Em 7 de setembro comemoramos a Independência do Brasil. Esse marco é um dos mais relevantes para o mundo que conhecemos. E quando olhamos para os indivíduos, é a mesma coisa. Apesar de sermos seres sociais, precisamos privilegiar nossos próprios horizontes. 

E a provocação que quero fazer hoje vem da independência que podemos alcançar, proporcionada pela nossa capacidade de discernimento. 

Vivemos num mundo com excesso de informação. Notificação, opinião, notícia, narrativa de mercado, discurso de liderança, tudo isso o tempo todo, nublando a mente. E é exatamente por isso que precisamos, cada vez mais, nos recolher: parar, e perguntar para nós mesmos o que, de fato, faz sentido. Não o que faz sentido para os outros. Não o que a maioria repete. O que faz sentido para mim. 

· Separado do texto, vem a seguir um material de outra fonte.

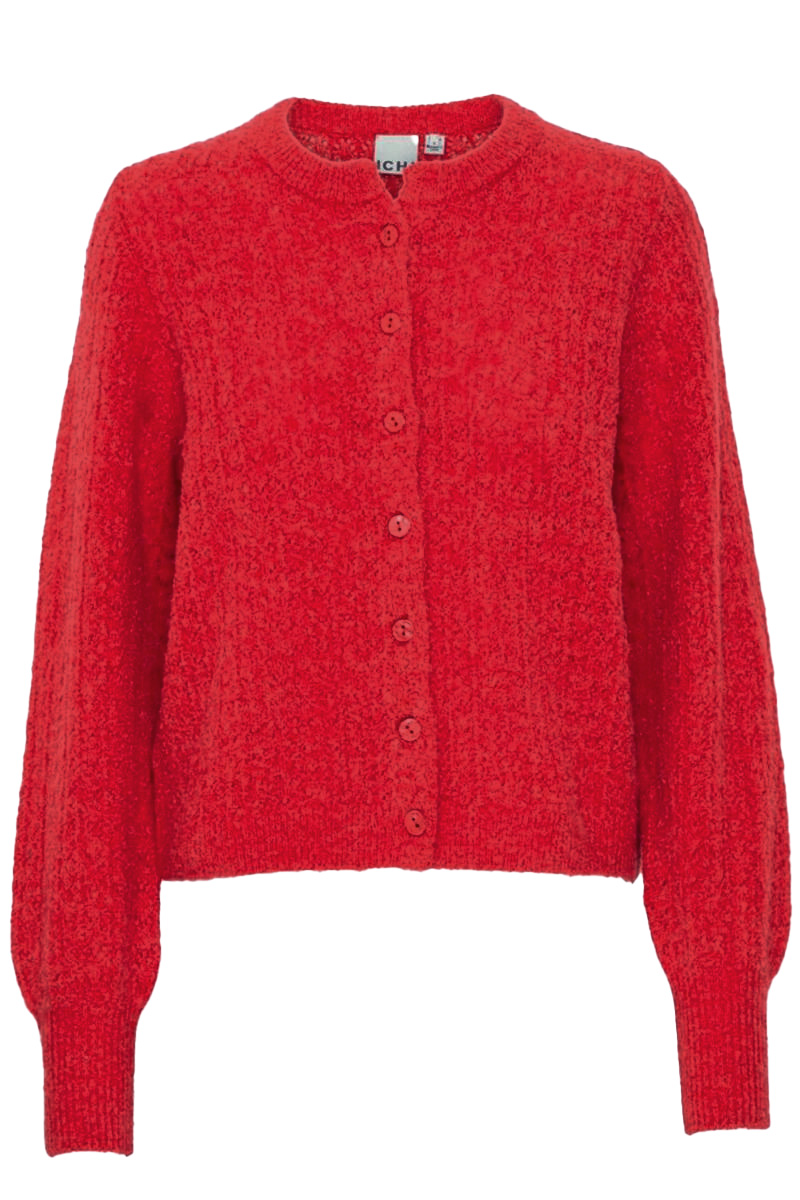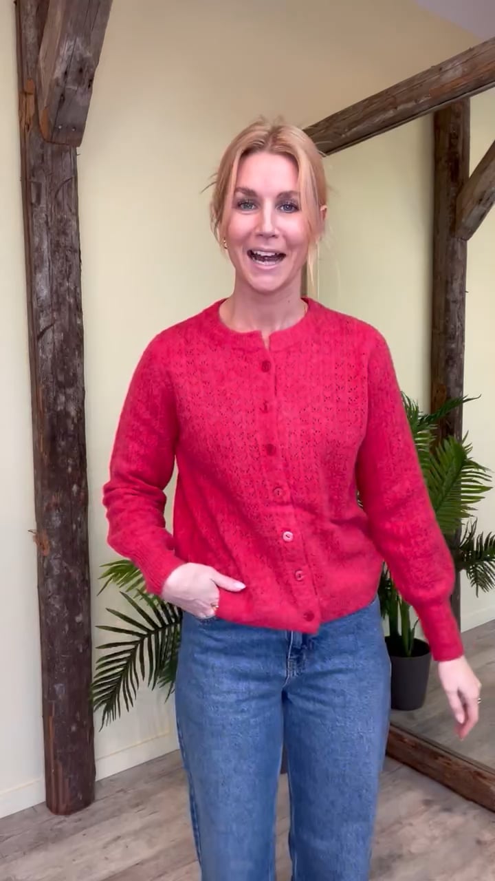 En fin strik cardigan fra Ichi er kommet i en mørke pink farve. Den er let i kvaliteten og løs i strikken, derfor er den en smule gennemsigtig og vi anbefaler at du bruger en top under. Den har rund halsudskæring og lukkes foran med knapper. Den findes også i blå.

No mundo corporativo, o que a gente vê, na prática, são dois tipos de gente: quem manipula e quem se deixa manipular. E a diferença entre os dois não é caráter, é discernimento. É a capacidade de perceber o que está de fato acontecendo, além do que está sendo dito. 

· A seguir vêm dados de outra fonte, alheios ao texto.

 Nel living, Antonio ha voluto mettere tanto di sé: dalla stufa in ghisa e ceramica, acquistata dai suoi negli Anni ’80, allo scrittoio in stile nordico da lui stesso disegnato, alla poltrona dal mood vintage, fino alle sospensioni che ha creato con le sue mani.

Por exemplo, tivemos vários escândalos no nosso país, e fico me perguntando sobre quem estava por perto, vivendo o dia a dia, antes de qualquer manchete, antes de qualquer investigação. Será que havia como perceber que algo não fazia sentido? Você perceberia? 

Discernir aqui vai além da moral, da lei, da ética: é entender se nós mesmos achamos aquilo razoável. 

Daniel Kahneman, prêmio Nobel, documentou que a mente opera em dois sistemas. O Sistema 1 é rápido, automático, movido a atalho, é o que a gente usa o tempo todo, principalmente quando está sobrecarregado de informação. O Sistema 2 é lento, exige silêncio, exige parar. Discernir de verdade é trabalho de Sistema 2. E quanto mais informação, mais estímulo, mais gente falando ao mesmo tempo, menos espaço a gente dá para o Sistema 2 funcionar, porque simplesmente deixamos de exercitá-lo. 

Robert Cialdini catalogou os gatilhos que fazem alguém aceitar algo sem examinar: autoridade, prova social, escassez, reciprocidade, compromisso. Nenhum desses gatilhos convence pelo conteúdo. Convencem porque tiram a pessoa do próprio eixo, fazem ela confiar mais no cargo de quem fala, ou no que todo mundo está fazendo, do que na própria percepção.

É assim que gente boa e competente se deixa levar sem perceber: simplesmente deixa de confiar no que vê e sente, e passa a operar no piloto automático. 

Kant escreveu, num ensaio de 1784 que definiu o próprio conceito de Iluminismo, que a maior parte das pessoas vive numa espécie de menoridade auto imposta, por preguiça e medo de pensar sem tutela. O lema dele era simples: sapere aude, ouse saber, tenha coragem de usar o próprio juízo. Escrito há mais de 240 anos, antes de qualquer CDB, qualquer chefe, qualquer rede social. 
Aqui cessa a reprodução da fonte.